* [Material shown]:

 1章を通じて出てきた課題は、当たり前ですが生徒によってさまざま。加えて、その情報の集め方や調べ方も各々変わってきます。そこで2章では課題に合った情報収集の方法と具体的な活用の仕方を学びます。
--
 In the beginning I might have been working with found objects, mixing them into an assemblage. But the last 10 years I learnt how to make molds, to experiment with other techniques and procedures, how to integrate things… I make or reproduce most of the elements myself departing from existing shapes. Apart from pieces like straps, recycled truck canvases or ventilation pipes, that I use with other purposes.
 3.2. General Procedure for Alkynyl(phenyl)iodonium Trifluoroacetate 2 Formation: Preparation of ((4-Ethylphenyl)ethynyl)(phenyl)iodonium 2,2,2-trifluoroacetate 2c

* [What is required]: Your answer must be the lines above from the one containing "In the beginning" to the one containing "3.2. General Procedure", both included, restated word for word.

* [Response for this exercise]:
 In the beginning I might have been working with found objects, mixing them into an assemblage. But the last 10 years I learnt how to make molds, to experiment with other techniques and procedures, how to integrate things… I make or reproduce most of the elements myself departing from existing shapes. Apart from pieces like straps, recycled truck canvases or ventilation pipes, that I use with other purposes.
 3.2. General Procedure for Alkynyl(phenyl)iodonium Trifluoroacetate 2 Formation: Preparation of ((4-Ethylphenyl)ethynyl)(phenyl)iodonium 2,2,2-trifluoroacetate 2c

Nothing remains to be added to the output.